** What to do **
Below are records; the lines starting at the one with "Klimaschutz-Demonstranten in Berlin: Panik, bitte!" and ending at the one with "土のうで遮へいし、 遮水シートで覆う前の状況" must be reproduced exactly, both included. Pictures must not appear.
↓↓↓
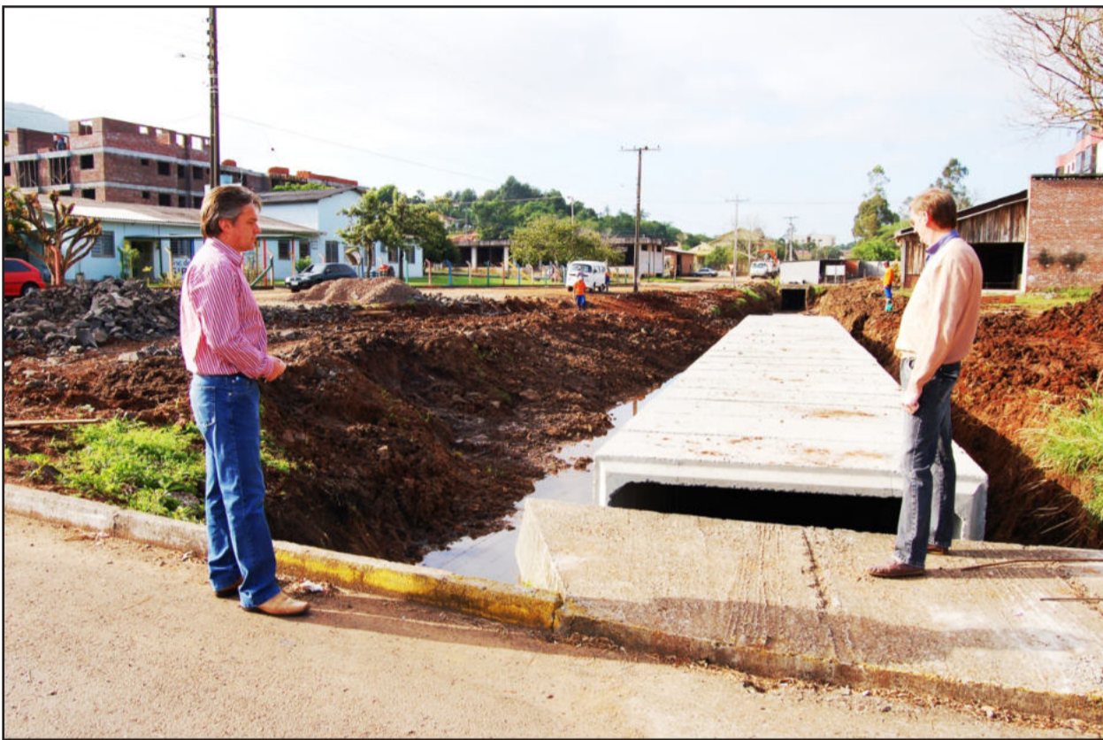
Obra de construção da galeria no Bairro Languiru

Administração municipal investe em saneamento básico com execução da obra
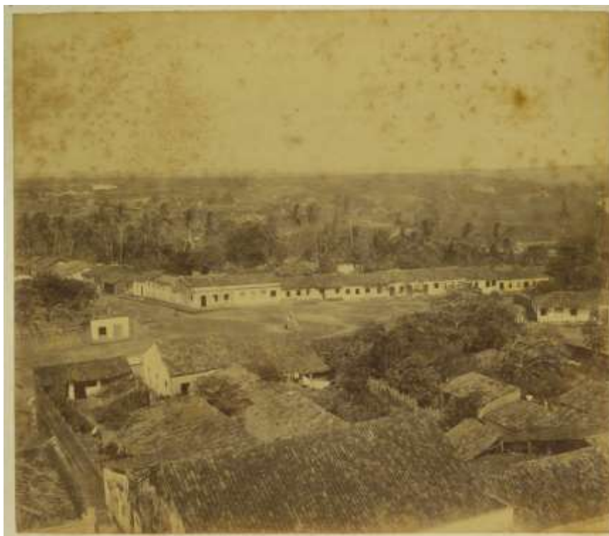
Figura 03 – Natal, 1904. A imagem coaduna com as palavras de Feitosa: “vila pacata de interior”.

Tratava-se do discurso representativo de parcela privilegiada da sociedade potiguar, insatisfeita com as feições urbanas da cidade naquele período (Figura 03). Nela, veem-se as “indesejáveis” casas de aparência colonial, além das “ruas impossíveis” e sem calçamento. Ao rejeitarem este que lhes parecia um cenário desolador, as elites locais, após a adesão republicana, iniciaram ensejos para transformar o que consideravam uma cidade “pacata”. Constituída, principalmente, por famílias não natalenses, a riqueza proveniente da atividade pecuarista (antes predominante) e da, agora, cana-de-açúcar permitiu aos filhos dessas elites estudarem na capital e ingressarem nas faculdades de Direito e de Medicina localizadas em Recife, Salvador e no Rio de Janeiro.
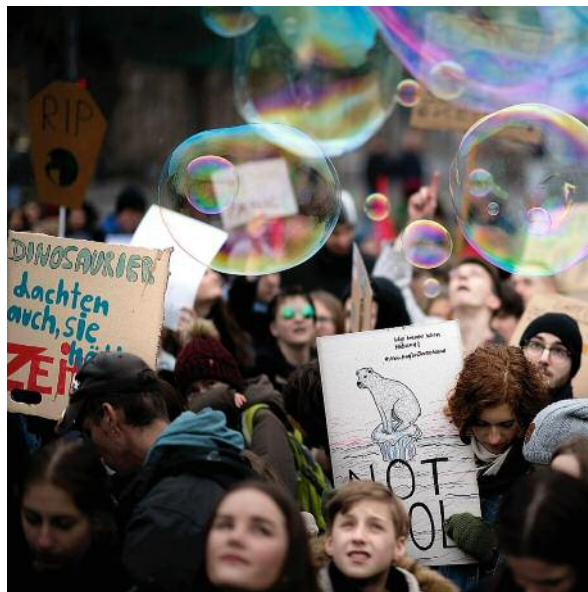
Klimaschutz-Demonstranten in Berlin: Panik, bitte!

Sie soll jetzt sagen, wie die Energiewende in Deutschland hinzukriegen und die Welt klimamäßig zu retten sei; zwei Kamerateams, vier Reporter, drei Fotografen warten. Sie kneift die Augen zusammen wie bei einer Migräne und sagt, mit zerkratzer Stimme, drei Worte: »I don't
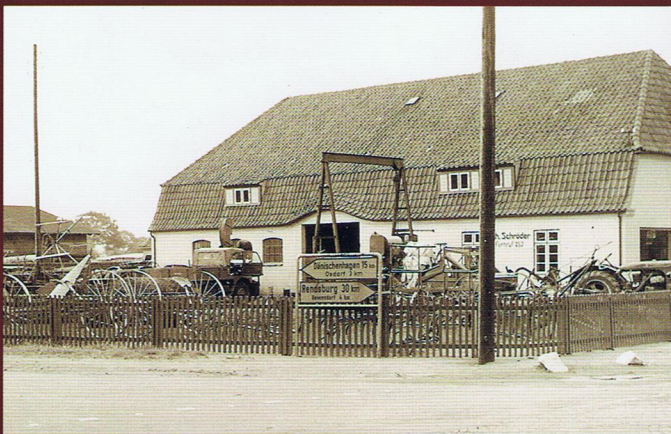
Unimog-Werkstatt Schröder in Schleswig-Holstein
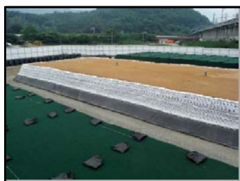
土のうで遮へいし、 遮水シートで覆う前の状況
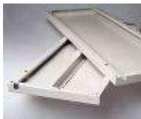
Profilo di rinforzo
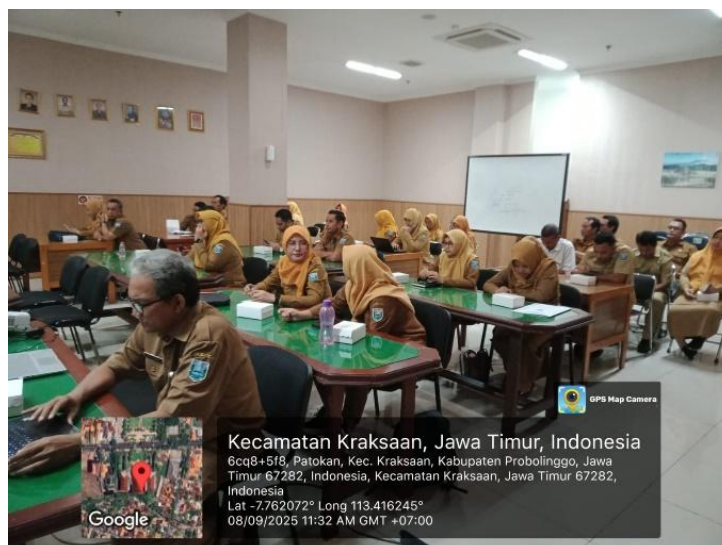
Gambar 3. Diskusi interaktif lintas instansi dalam rangka pengabdian masyarakat

Dalam forum ini, Badan Perencanaan Pembangunan, Penelitian, dan Pengembangan Daerah (BAPELITBANGDA) tampil sebagai koordinator perencanaan daerah yang menerima sekaligus mengintegrasikan informasi hasil pengabdian masyarakat ke dalam dokumen perencanaan pembangunan. Meski begitu, karena sosialisasi masih terbatas pada lingkup instansi pemerintah, peran Badan Perencanaan Pembangunan, Penelitian, dan Pengembangan Daerah (BAPELITBANGDA) lebih banyak bersifat koordinatif antarlembaga dan belum menjangkau masyarakat secara langsung.
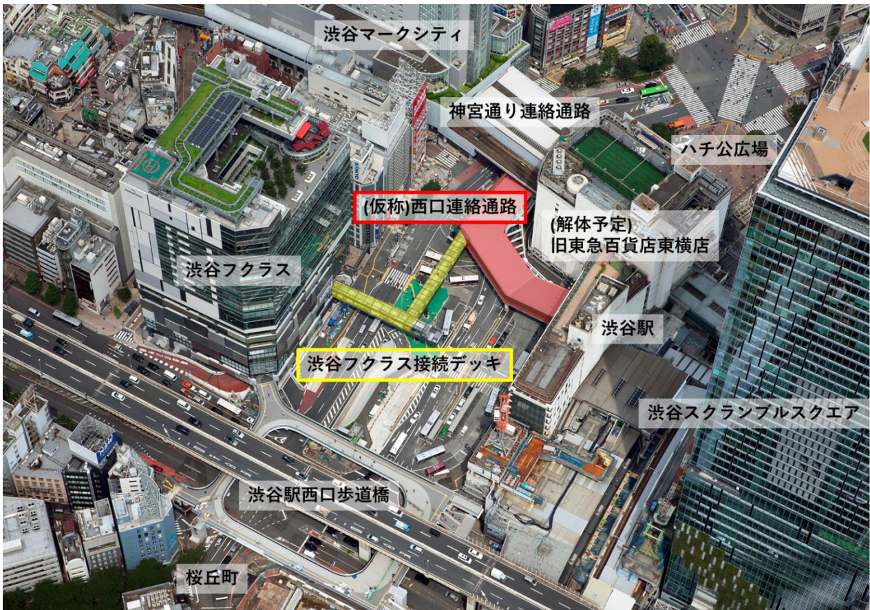
歩行者デッキ全体図
↑↑↑
** Your solution **
Klimaschutz-Demonstranten in Berlin: Panik, bitte!

Sie soll jetzt sagen, wie die Energiewende in Deutschland hinzukriegen und die Welt klimamäßig zu retten sei; zwei Kamerateams, vier Reporter, drei Fotografen warten. Sie kneift die Augen zusammen wie bei einer Migräne und sagt, mit zerkratzer Stimme, drei Worte: »I don't
Unimog-Werkstatt Schröder in Schleswig-Holstein
土のうで遮へいし、 遮水シートで覆う前の状況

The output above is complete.